Revision history for this message
Po-Hsu Lin (cypressyew) wrote :

Execution log attached.

app_id : "com.canonical.checkbox-gui"
"org.freedesktop.DBus.Error.NoReply" "Did not receive a reply. Possible causes include: the remote application did not send a reply, the message bus security policy blocked the reply, the reply timeout expired, or the network connection was broken."
GuiEngine::RunJobs - Done

Revision history for this message
Zygmunt Krynicki (zyga) wrote :

Can you also attach logs from ~/.cache/plainbox/logs please?

Changed in checkbox (Ubuntu):
status: New → Incomplete
Revision history for this message
Taihsiang Ho (tai271828) wrote :

CID 201305-13636 on 14.04 could reproduce the bug.

Steps to reproduce this bug: the same as what has been described in comment #4

However, if selecting "continue" in step 3, it could keep running.
It seems not to continue from the expected items(not sure), this need to try reproducing again.

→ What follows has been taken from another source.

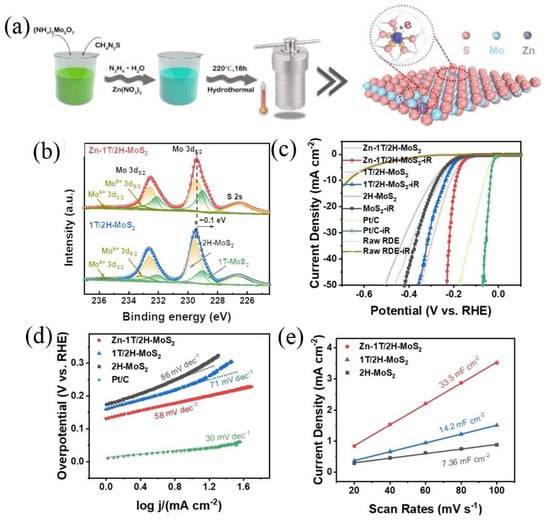 - Xu, J.; Zhao, Z.; Wei, W.; Chang, G.; Xie, Z.; Guo, W.; Liu, D.; Qu, D.; Tang, H.; Li, J. Tuning the Intrinsic Activity and Electrochemical Surface Area of MoS2 via Tiny Zn Doping: Toward an Efficient Hydrogen Evolution Reaction (HER) Catalyst. Chem. Eur. J. 2021, 27, 15992–15999. [Google Scholar] [CrossRef] [PubMed]
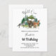 Wild One, bewaldete Geburtstagsparty. Ein weißer Hintergrund mit wasserfarbenen Wald- und Waldtieren, Wolf, Bär und Reh. Personalisieren und fügen Sie einen Namen und Party-Details hinzu.

My ~/.cache/plainbox/logs is empty in this case.

Revision history for this message
Taihsiang Ho (tai271828) wrote :

.cache/plainbox for comment #7

Revision history for this message
Daniel Manrique (roadmr) wrote :

I have the same issue, my system is getting stuck after selecting "rerun last test", it gets stuck running "miscellanea/submission-resources".

I can reproduce this pretty easily, so I can provide any needed diagnostic information; I should have access to the system in a couple of hours.

I'll mark as confirmed since more than one person is having this and the required diagnostic information has been supplied.

Changed in checkbox (Ubuntu):
status: Incomplete → Confirmed
importance: Undecided → High
Revision history for this message
Zygmunt Krynicki (zyga) wrote :

Gargh (meaningless anger cry).

I'll try to understand what this is about

On Wed, May 21, 2014 at 1:17 PM, Daniel Manrique <
<email address hidden>> wrote:

> I have the same issue, my system is getting stuck after selecting "rerun
> last test", it gets stuck running "miscellanea/submission-resources".
>
> I can reproduce this pretty easily, so I can provide any needed
> diagnostic information; I should have access to the system in a couple
> of hours.
>
> I'll mark as confirmed since more than one person is having this and the
> required diagnostic information has been supplied.
>
> ** Changed in: checkbox (Ubuntu)
> Status: Incomplete => Confirmed
>
> ** Changed in: checkbox (Ubuntu)
> Importance: Undecided => High
>
> --
> You received this bug notification because you are a member of Checkbox
> Bug Wranglers, which is subscribed to checkbox in Ubuntu.
> https://bugs.launchpad.net/bugs/1318504
>
> Title:
> [checkbox-gui] org.freedesktop.DBus.Error.NoReply
>
> To manage notifications about this bug go to:
>
> https://bugs.launchpad.net/ubuntu/+source/checkbox/+bug/1318504/+subscriptions
>

Revision history for this message
Daniel Manrique (roadmr) wrote :

Bumping to critical as this is seriously blocking us. The good news is, I produced a good set of debugging information.

How I came to this situation:

- started canonical-certification-client
- selected certification whitelist, didn't deselect any jobs
- went through the list until I hit the reboot job, rebooted.
- upon reboot, I restarted c-c-client, selected "rerun last job" (in order to mark the reboot test as passed).

At this point, c-c-client shows an unrelated test (submission-resources) in the bottom bar, and gets stuck there. A message about dbus replies (as seen in original report) is shown.

I killed everything, restarted c-c-client, and selected "continue" this time, and this time it got stuck on esata/storage-test. Interestingly, esata/storage-test depends on esata/insert, which I skipped manually because this system has no sata. Also, miscellanea/submission-resources (from my first run) has a failed dependency (info/requirements, fails by design). So a first theory is that this happens when the job to be run has a dependency that didn't run.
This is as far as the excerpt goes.